Walker was indicted by a grand jury on July 28, 2004. The family of Rudy Cardenas and their community allies pressed for and got a rare open grand jury that was observed by the public and the press. The family’s use of activism to bring the death of their loved one to the awareness of the public has been an inspiration to other families who have lost members to police violence. Indybay obtained a grand jury transcript, on which this story is in part based.

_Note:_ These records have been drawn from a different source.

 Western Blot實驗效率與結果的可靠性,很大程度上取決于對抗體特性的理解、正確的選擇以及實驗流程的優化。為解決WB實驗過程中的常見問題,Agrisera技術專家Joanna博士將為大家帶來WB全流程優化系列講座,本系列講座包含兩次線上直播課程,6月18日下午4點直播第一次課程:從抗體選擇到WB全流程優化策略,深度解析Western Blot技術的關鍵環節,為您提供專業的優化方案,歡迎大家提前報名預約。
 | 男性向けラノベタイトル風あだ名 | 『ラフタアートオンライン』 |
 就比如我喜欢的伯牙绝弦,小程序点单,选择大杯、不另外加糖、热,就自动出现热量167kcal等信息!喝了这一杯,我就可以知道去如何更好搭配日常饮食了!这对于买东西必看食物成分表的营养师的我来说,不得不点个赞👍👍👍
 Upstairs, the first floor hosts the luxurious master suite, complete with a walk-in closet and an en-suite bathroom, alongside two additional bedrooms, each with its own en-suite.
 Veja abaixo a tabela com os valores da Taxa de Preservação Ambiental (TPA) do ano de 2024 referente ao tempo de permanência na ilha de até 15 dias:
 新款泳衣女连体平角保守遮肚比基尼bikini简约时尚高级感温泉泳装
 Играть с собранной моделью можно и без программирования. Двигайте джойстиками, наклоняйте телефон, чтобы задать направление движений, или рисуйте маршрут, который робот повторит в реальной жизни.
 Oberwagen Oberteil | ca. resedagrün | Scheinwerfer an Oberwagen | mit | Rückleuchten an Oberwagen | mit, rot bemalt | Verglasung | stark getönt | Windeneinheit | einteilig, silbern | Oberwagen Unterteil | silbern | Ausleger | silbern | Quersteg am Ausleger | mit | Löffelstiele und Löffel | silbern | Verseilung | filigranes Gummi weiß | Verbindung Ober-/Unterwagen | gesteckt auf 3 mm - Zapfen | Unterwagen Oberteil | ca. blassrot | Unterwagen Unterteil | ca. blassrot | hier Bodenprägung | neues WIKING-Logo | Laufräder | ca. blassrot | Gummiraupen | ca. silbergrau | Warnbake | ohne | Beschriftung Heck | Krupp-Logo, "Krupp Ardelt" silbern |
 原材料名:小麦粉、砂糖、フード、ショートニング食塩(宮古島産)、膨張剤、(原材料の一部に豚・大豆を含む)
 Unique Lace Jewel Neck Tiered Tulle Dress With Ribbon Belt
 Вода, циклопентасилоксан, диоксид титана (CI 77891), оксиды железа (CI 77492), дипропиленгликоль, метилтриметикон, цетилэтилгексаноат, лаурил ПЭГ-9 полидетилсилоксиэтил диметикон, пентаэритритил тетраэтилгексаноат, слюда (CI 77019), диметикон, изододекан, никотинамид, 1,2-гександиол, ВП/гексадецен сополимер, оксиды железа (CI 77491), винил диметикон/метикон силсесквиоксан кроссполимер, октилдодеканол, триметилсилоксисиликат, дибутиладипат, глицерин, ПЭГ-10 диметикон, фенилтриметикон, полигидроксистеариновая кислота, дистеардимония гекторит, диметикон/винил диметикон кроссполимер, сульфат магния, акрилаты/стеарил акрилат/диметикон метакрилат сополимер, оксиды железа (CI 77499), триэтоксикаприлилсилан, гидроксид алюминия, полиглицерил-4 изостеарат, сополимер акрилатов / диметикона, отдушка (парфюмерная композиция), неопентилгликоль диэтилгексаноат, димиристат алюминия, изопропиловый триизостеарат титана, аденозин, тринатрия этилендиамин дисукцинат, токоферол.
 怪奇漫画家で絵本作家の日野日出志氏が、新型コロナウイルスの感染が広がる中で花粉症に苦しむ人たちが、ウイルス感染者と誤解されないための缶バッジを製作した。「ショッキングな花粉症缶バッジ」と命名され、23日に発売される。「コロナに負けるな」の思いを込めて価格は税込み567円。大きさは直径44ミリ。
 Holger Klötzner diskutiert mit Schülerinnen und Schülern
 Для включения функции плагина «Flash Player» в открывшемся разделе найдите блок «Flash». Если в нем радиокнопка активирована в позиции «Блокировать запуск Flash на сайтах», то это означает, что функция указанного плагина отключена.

Cardenas lost his life on February 17, 2004 because he was in the wrong place at the wrong time, because he somewhat fit the description of a wanted man, and because the officer he encountered was Agent Walker. Walker and other officers were doing surveillance in unmarked cars at a house where they expected to find David Gonzales, who was wanted for parole violation, when Cardenas passed by. He drove up in his van and then drove away, and Walker went to pull him over. Walker had very briefly seen a photo of Gonzales, and he mistook Cardenas for Gonzales. When Walker turned on his lights Cardenas was not willing to stop. He had a warrant out on him, although his wife, who was the complainant, was trying to have it canceled. Cardenas had methamphetamine in his system and may not have been thinking clearly. Although Walker did not know the streets of San Jose well, and his car and the other officers’ cars lacked radios on San Jose Police frequencies, Walker made the decision at that point to start a chase.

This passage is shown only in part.